13 abr. 2014

Domingo de Ramos 2014

Se abren las puertas de la Casa Hermandad situada en la Calle Parra, son apróximadamente las 9:50 y un día soleado les ofrece nuestra ciudad de Málaga. Empieza a salir la cabeza de procesión, le siguen los nazarenos, más allá los estandartes... La Semana Santa de Málaga ha comenzado.

Es Domingo de Ramos, todos aprovechan a sacar sus galas, a ponerse bien guapos antes de salir y sobre todo, estrenan algo, que ya sabéis que quien en no estrena en Domingo de Ramos, se le caen las manos... También se le llama la procesión de los niños porque esa mañana el centro de Málaga se invade de personas de todas las partes de la propia ciudad y muchos turistas que sienten curiosidad por saber las costumbres de esta semana tan importante para esta ciudad.

Y entonces es cuando llegas al a Alameda Principal, ves aquella curva llena de personas haciendo filas y filas y filas, que, a veces, es imposible averiguar qué procesión pasa por allí si no tienes el itinerario, pero cuando aquel trono comienza a andar por aquel camino mientras la banda va sonando detrás es cuando realmente te empiezas a dar cuenta de que la Semana Santa de Málaga ha comenzado y ahora solo quedan varios días por delante muy similares al de hoy, solo que cambias los tacones por tenis, los vestidos por vaqueros y el bolso pequeño por una mochila con bocadillos y bebidas.

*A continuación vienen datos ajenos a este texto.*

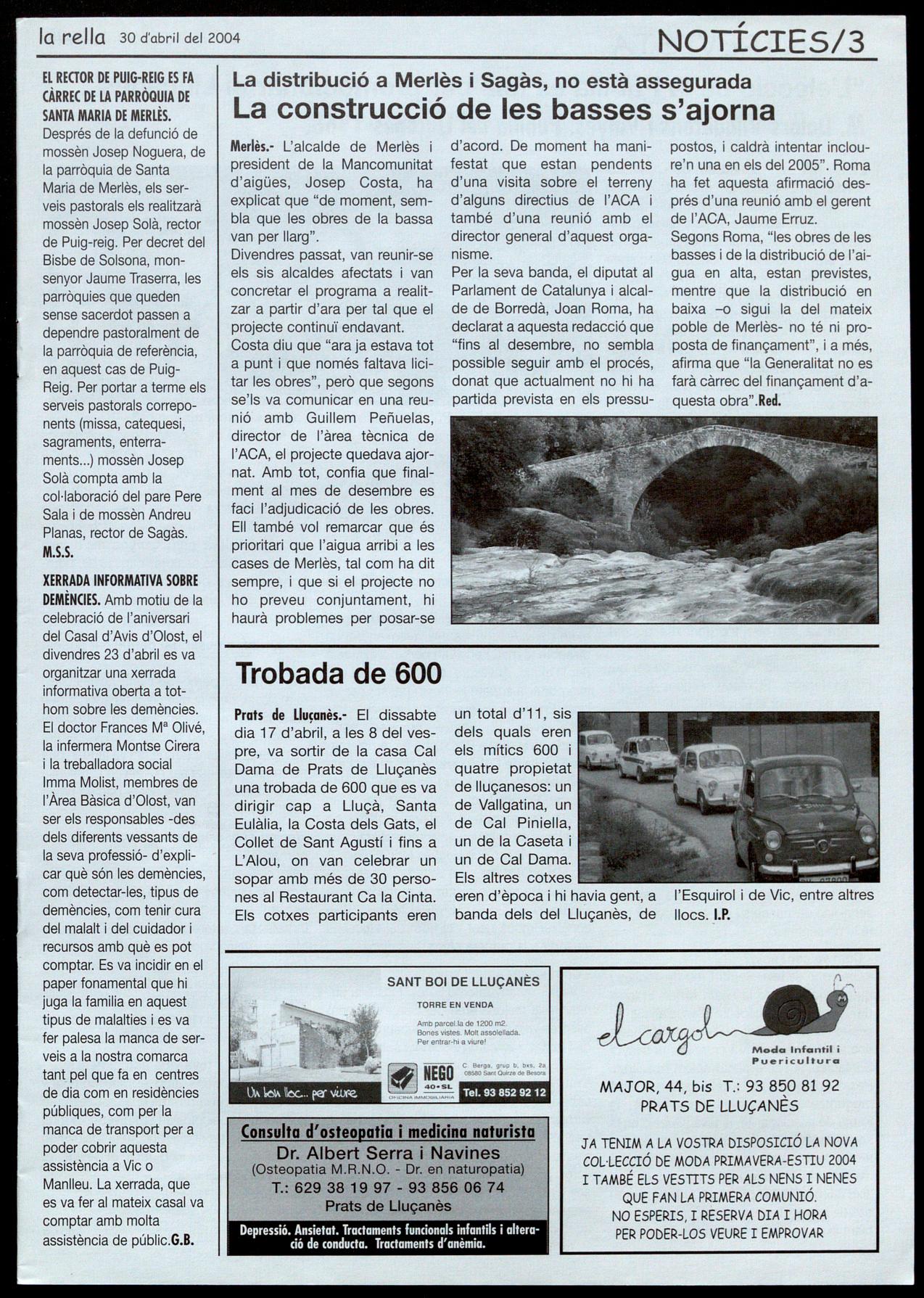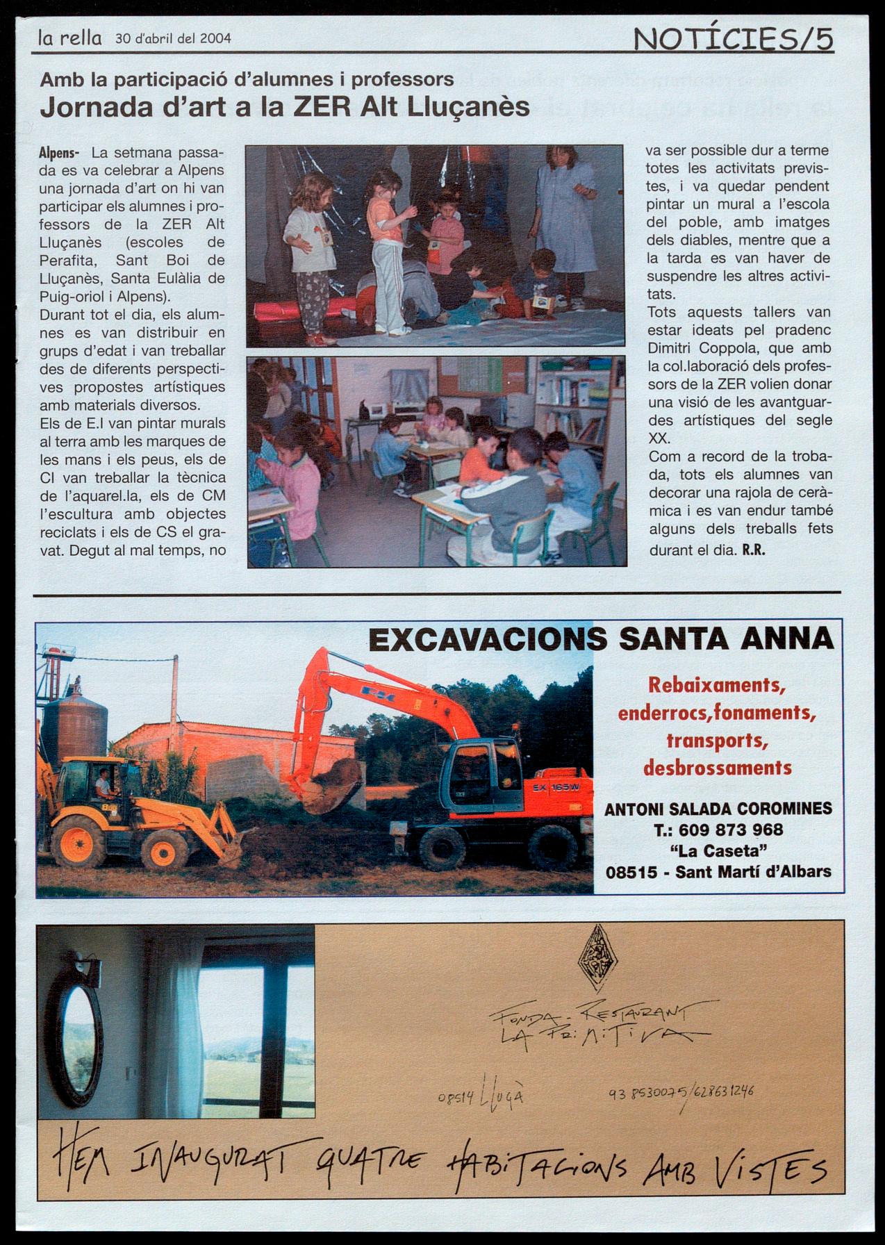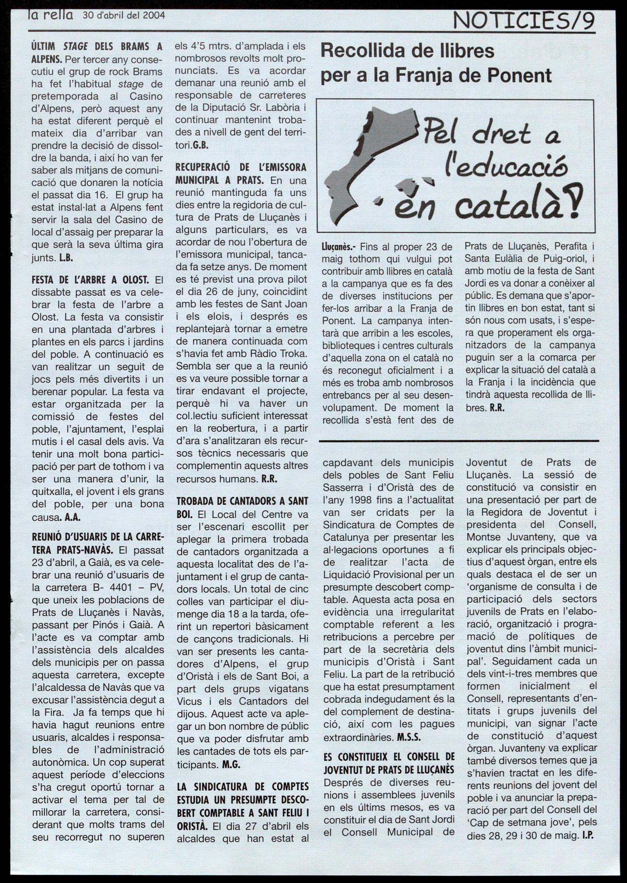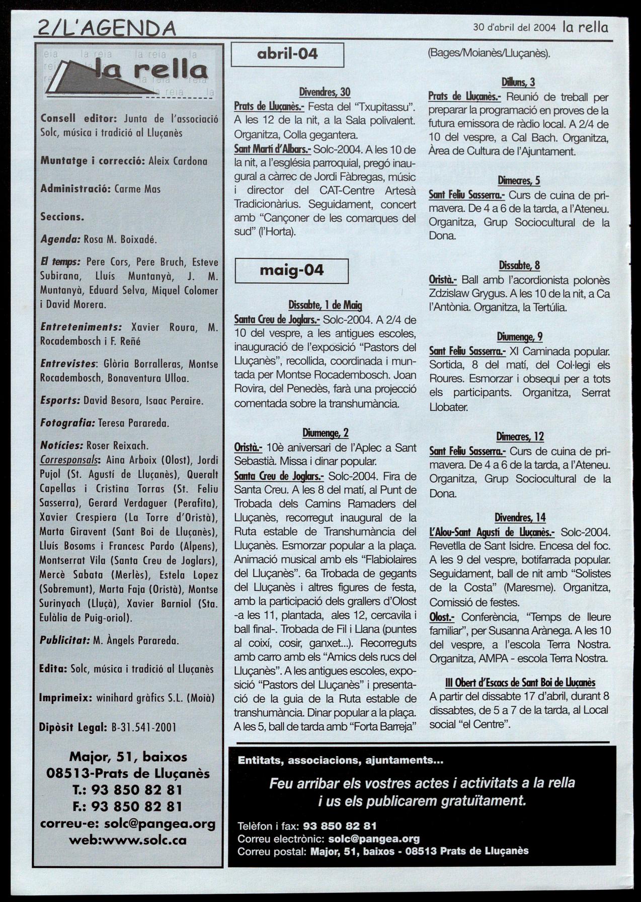 Corresponsals: Aina Arboix (Olost), Jordi Pujol (St. Agustí de Lluçanès), Queralt Capellas i Cristina Torras (St. Feliu Sasserra), Gerard Verdaguer (Perafita), Xavier Crespiera (Ln Torre d'Oristà), Marta Giravent (Sant Boi de Lluçanès), Lluís Bosoms i Francesc Pardo (Alpens), Montserrat Vila (Santa Creu de Joglars), Mercè Sabata (Merlès), Estela lopez (Sobremunt), Marta Faja (Oristà), Montse Surinyach (Lluçà), Xavier Barniol (Sta. Eulàlia de Puig-oriol).

Para mí, esta semana es algo más que creer o dejar de creer, es una tradición que siempre hubo en mi familia desde que mis padres eran novios, y desde que mi padre era pequeño. En esta semana no había excusas para nada, había que salir, había que recorrerse las callejuelas buscando los tronos o esperar entre el gentío a que dos tronos se crucen, se saluden y los alcen a pulso. Es algo que es difícil de entender si nunca lo viviste, es una sensación de emoción... Es difícil explicarlo pero es algo que siempre viví y que este año no viviré.

Espero que los que tengáis la suerte y oportunidad de estar por Málaga esta semana y os gusten las procesiones, disfrutéis cada nota que salga de un saxofón, una trompeta o una corneta; que se os ericen los poros de la piel cuando veáis un par de tronos alzándose a pulso y que el ambiente os haga fundiros con la multitud y seáis unos más.

La Semana Santa no está creada solo para creyentes, también los hay que no lo somos y nos gusta ese ambiente y vivir esa semana a tope por cuestiones de costumbres y cultura... Tenedlo en cuenta.